挿れる瞬間にきゅんきゅんと雄を締め付けるその刺激は、何度経験しても持って行かれそうになるのを堪えるので必死だ。
「あ、絢也の、すごい……ッ」
「あんま、締めんなって、ッ」
ずん、ずん、と奥へ腰を進める絢也の動きに合わせるように、士郎が自らも腰を振って、もっと奥へ誘い込もうと貪欲に動く。
汗ばんだ肌は、触れ合う度にとろけるように甘い快楽を広げた。
「動くぞ」
「きて……」
奥まで嵌めて、腰を小さく揺すると、士郎が求めるように手を伸ばす。
「んッ……」
奥を穿ちながら、深いキスをされるのが最近の士郎のお気に入りだった。
苦しくないのかと聞いたところ、苦しいくらいが気持ちイイのだと言う。
「あ、ああ、奥ッ、イイッ、絢也ッ、あああ」
上気させた肌を朱に染めながら、絢也を深く咥え込んで目を瞑り、身体をくねらせる士郎。

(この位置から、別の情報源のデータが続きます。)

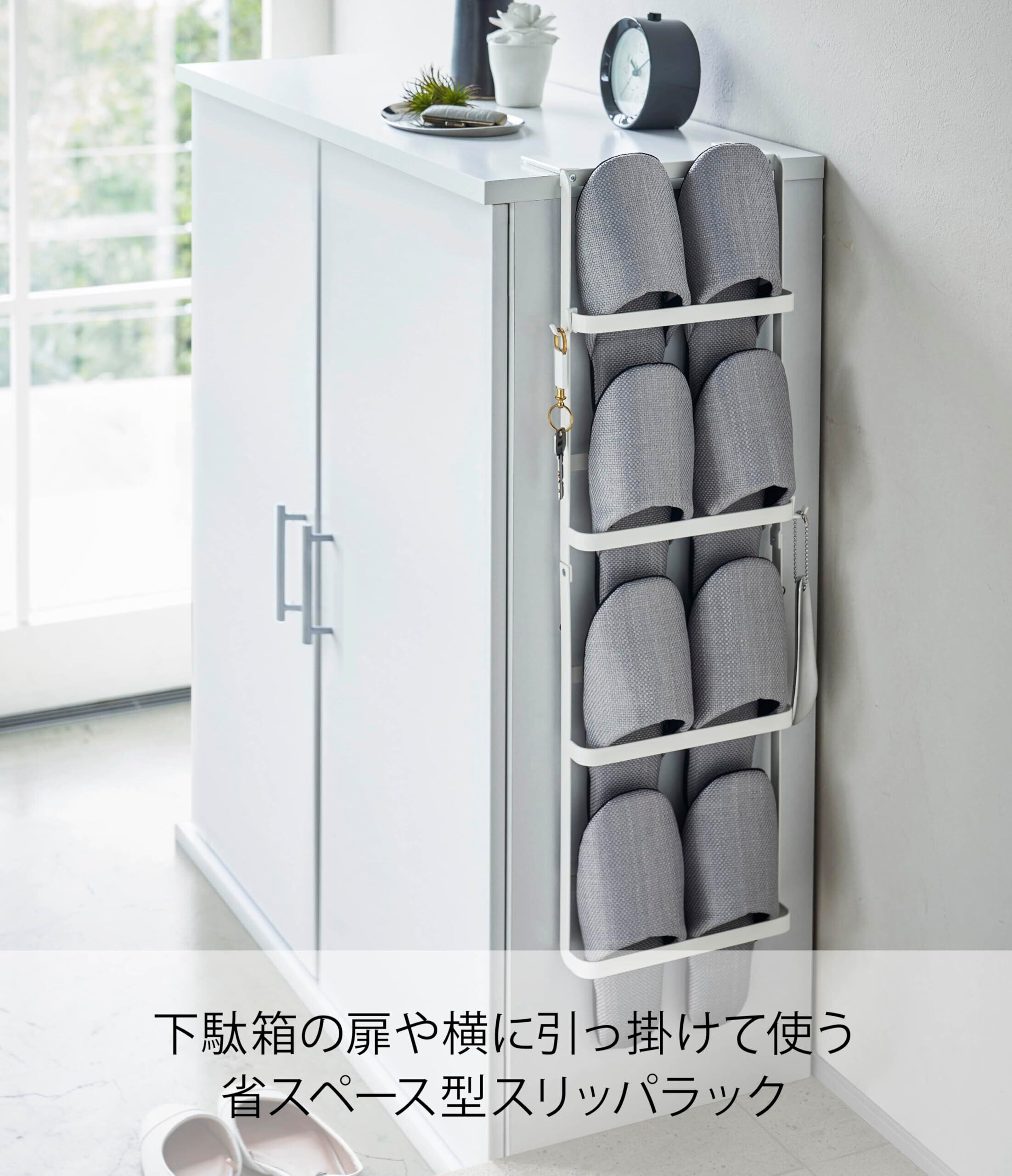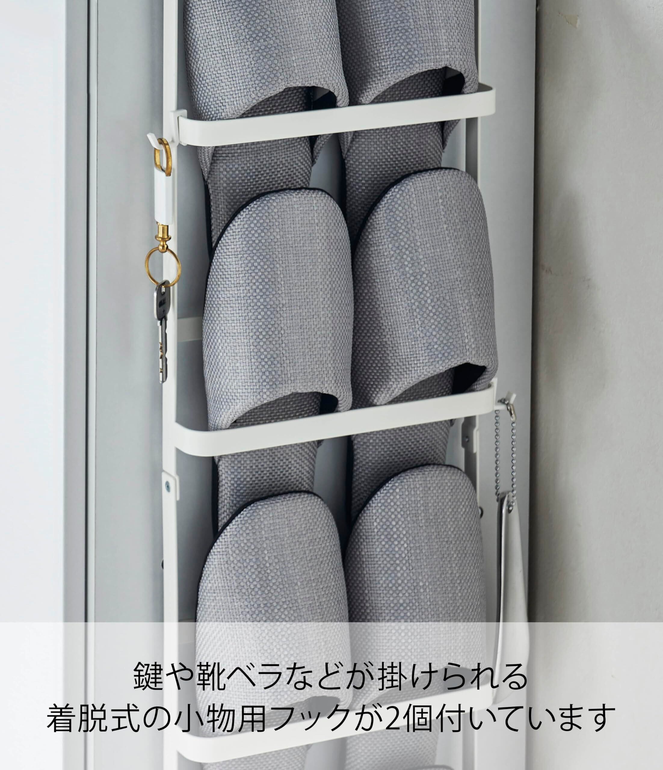 下駄箱の横や扉に引っ掛けて使う省スペース型スリッパラック。

いつ見ても美しくて、艶かしくて、絢也は我を忘れてしまう。
浅いところも満遍なく可愛がりながら、絢也は士郎に請われるままに奥の狭いところを突き上げた。
「ああ、だめッ、それ、ああッ」
士郎が長い手足を純也の身体に絡ませて、ぎゅうぎゅうと抱きしめる。
士郎のナカはうねるように絢也の雄に絡みつき、ひくひくとわなないていた。
士郎の絶頂の予兆を感じた絢也が、ラストスパートをかける。
「あッ、絢也ッ、はげしッ……だめ、それイく、イくッて、ああッ……!」
「……ッ!」
士郎の望み通り、同時に果てた絢也は、はあ、はあと余韻に身体を震わせる士郎の耳元に、ありったけの思いを込めてキスをした。
こんな毎日が、幸せな時間が、ずっとこの先も続けばいい——そう絢也は願っていた。